* **REQUIREMENT**: Would you return the listing exactly as written, apart from its pictures?

* **THE DATA**:
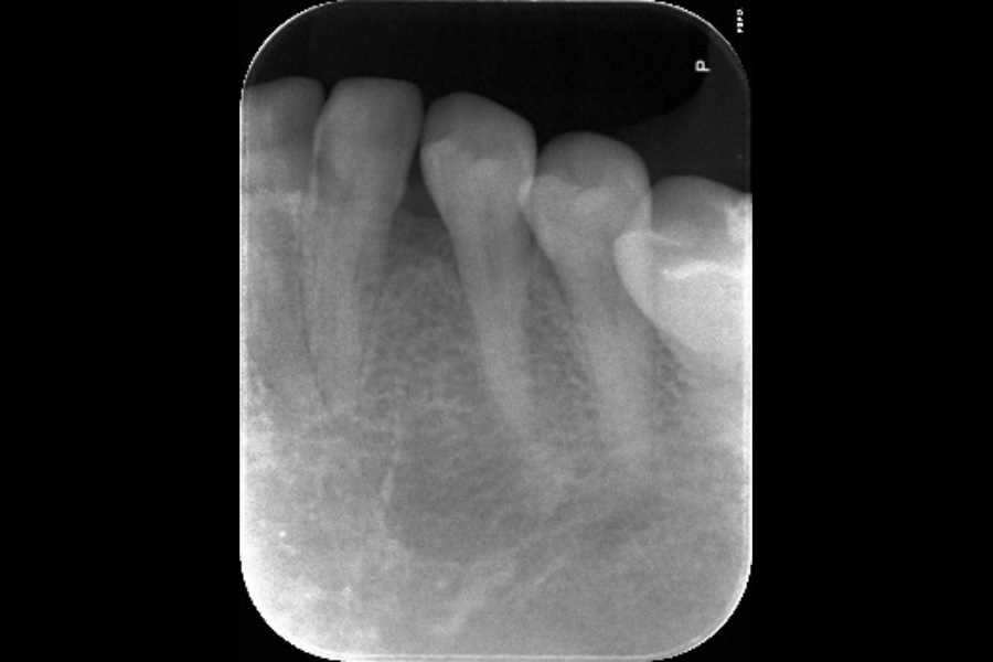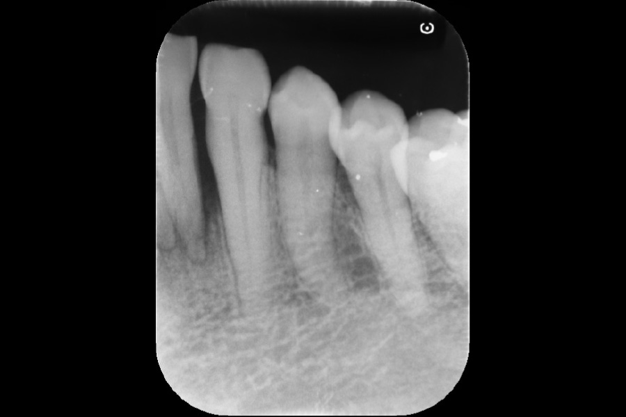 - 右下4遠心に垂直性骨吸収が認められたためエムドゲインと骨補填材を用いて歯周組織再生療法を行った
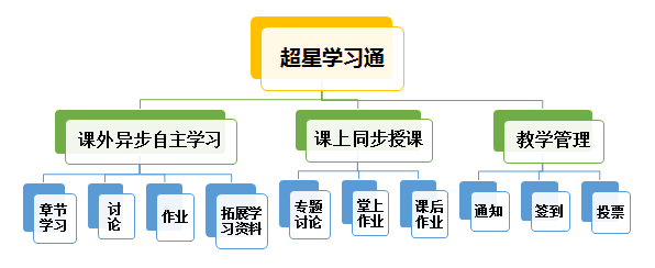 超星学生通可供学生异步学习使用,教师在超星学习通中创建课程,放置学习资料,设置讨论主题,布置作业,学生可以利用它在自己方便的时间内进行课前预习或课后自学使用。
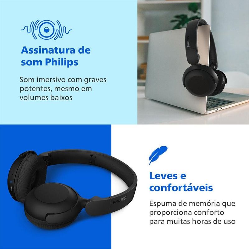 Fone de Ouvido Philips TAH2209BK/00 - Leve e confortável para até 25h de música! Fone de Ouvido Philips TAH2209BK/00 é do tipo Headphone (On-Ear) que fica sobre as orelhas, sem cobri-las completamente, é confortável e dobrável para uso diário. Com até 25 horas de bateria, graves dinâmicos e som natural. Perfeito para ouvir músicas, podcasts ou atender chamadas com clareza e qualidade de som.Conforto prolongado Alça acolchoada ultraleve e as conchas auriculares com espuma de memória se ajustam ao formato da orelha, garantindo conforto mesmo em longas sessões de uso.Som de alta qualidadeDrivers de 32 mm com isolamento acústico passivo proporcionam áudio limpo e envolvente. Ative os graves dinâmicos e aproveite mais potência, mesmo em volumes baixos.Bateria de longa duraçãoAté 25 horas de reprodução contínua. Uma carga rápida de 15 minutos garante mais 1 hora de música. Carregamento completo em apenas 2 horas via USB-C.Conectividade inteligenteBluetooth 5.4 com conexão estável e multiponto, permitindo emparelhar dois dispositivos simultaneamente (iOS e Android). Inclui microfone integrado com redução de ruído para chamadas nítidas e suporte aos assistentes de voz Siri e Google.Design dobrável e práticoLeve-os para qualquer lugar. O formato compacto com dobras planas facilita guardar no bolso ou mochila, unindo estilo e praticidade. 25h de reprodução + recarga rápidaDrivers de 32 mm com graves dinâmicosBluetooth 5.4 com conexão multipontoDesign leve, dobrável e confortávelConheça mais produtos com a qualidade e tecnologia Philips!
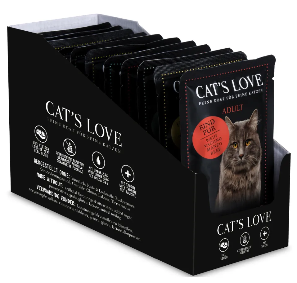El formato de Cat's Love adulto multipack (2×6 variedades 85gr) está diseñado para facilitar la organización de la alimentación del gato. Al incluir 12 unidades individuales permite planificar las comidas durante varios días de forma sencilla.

* **RESPONSE TO THIS TASK**:
 - 右下4遠心に垂直性骨吸収が認められたためエムドゲインと骨補填材を用いて歯周組織再生療法を行った
 超星学生通可供学生异步学习使用,教师在超星学习通中创建课程,放置学习资料,设置讨论主题,布置作业,学生可以利用它在自己方便的时间内进行课前预习或课后自学使用。
 Fone de Ouvido Philips TAH2209BK/00 - Leve e confortável para até 25h de música! Fone de Ouvido Philips TAH2209BK/00 é do tipo Headphone (On-Ear) que fica sobre as orelhas, sem cobri-las completamente, é confortável e dobrável para uso diário. Com até 25 horas de bateria, graves dinâmicos e som natural. Perfeito para ouvir músicas, podcasts ou atender chamadas com clareza e qualidade de som.Conforto prolongado Alça acolchoada ultraleve e as conchas auriculares com espuma de memória se ajustam ao formato da orelha, garantindo conforto mesmo em longas sessões de uso.Som de alta qualidadeDrivers de 32 mm com isolamento acústico passivo proporcionam áudio limpo e envolvente. Ative os graves dinâmicos e aproveite mais potência, mesmo em volumes baixos.Bateria de longa duraçãoAté 25 horas de reprodução contínua. Uma carga rápida de 15 minutos garante mais 1 hora de música. Carregamento completo em apenas 2 horas via USB-C.Conectividade inteligenteBluetooth 5.4 com conexão estável e multiponto, permitindo emparelhar dois dispositivos simultaneamente (iOS e Android). Inclui microfone integrado com redução de ruído para chamadas nítidas e suporte aos assistentes de voz Siri e Google.Design dobrável e práticoLeve-os para qualquer lugar. O formato compacto com dobras planas facilita guardar no bolso ou mochila, unindo estilo e praticidade. 25h de reprodução + recarga rápidaDrivers de 32 mm com graves dinâmicosBluetooth 5.4 com conexão multipontoDesign leve, dobrável e confortávelConheça mais produtos com a qualidade e tecnologia Philips!
El formato de Cat's Love adulto multipack (2×6 variedades 85gr) está diseñado para facilitar la organización de la alimentación del gato. Al incluir 12 unidades individuales permite planificar las comidas durante varios días de forma sencilla.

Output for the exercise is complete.